Quando esse nascono, abeti o querce dall'alta chioma
germogliano con loro sulla terra nutrice di uomini,
belli, fiorenti sulle montagne sublimi.
Si ergono inaccessibili, e li chiamano sedi sacre
degl'immortali; né mai gli uomini li tagliano col ferro.
Ma quando incombe su di loro il destino di morte
dapprima i begli alberi si disseccano sulla terra,
la corteccia intorno inaridisce, cadono i rami;
e insieme l'anima delle ninfe lascia la luce del sole.
Esse alleveranno mio figlio, tenendolo con loro:
ed io stessa - poiché voglio dirti tutto ciò che ho in mente dopo quattro anni verrò a te di nuovo, portandoti il figlio.
Non appena tu lo scorgerai coi tuoi occhi, nel suo fiore,
ti rallegrerai nel vederlo: infatti sarà davvero simile a un dio;
e subito lo porterai a Ilio battuta dal vento.
E se qualcuno ti chiederà, fra gli uomini mortali,
chi sia la madre che ha portato tuo figlio nel grembo,
rispondigli come io t'impongo, e non dimenticare:
«in verità, dicono che sia figlio di una ninfa dal roseo volto,
di quelle che abitano questo monte rivestito di selva».
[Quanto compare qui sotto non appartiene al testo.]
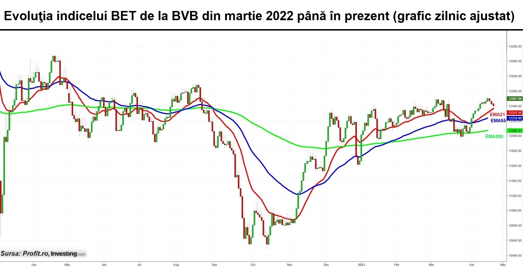 Sunt mișcări în linia cu parcursul general al pieței care arată declin pe linie la nivelul indicilor: -0,26% pentru indicele compozit BET-XT, -0,23% pentru indicele financiar BET-FI care a închis la nivelul de 50.775,79 de puncte, -0,22% pentru indicele energetic BET-NG și -0,23% pentru indicele reprezentativ BET care la nivelul de 12.396,70 de puncte s-a înscris pentru testarea mediei mobile exponențiale de 21 de zile (EMA21), așa cum se vede pe graficul atașat.

Se invece tu racconterai, e ti vanterai con animo folle,
di esserti unito in amore con Citerea dalla bella corona,
Zeus, adirato, ti colpirà con la folgore fumante.
Tutto ti è stato rivelato; e tu, meditando nel tuo animo,
guardati dal nominarmi, e temi l'ira degli dei ».
Così disse, e si lanciò verso il cielo percorso dai venti.
Salve, o dea, signora della ospitale Cipro:
dopo aver cominciato da te, io passerò a un altro inno.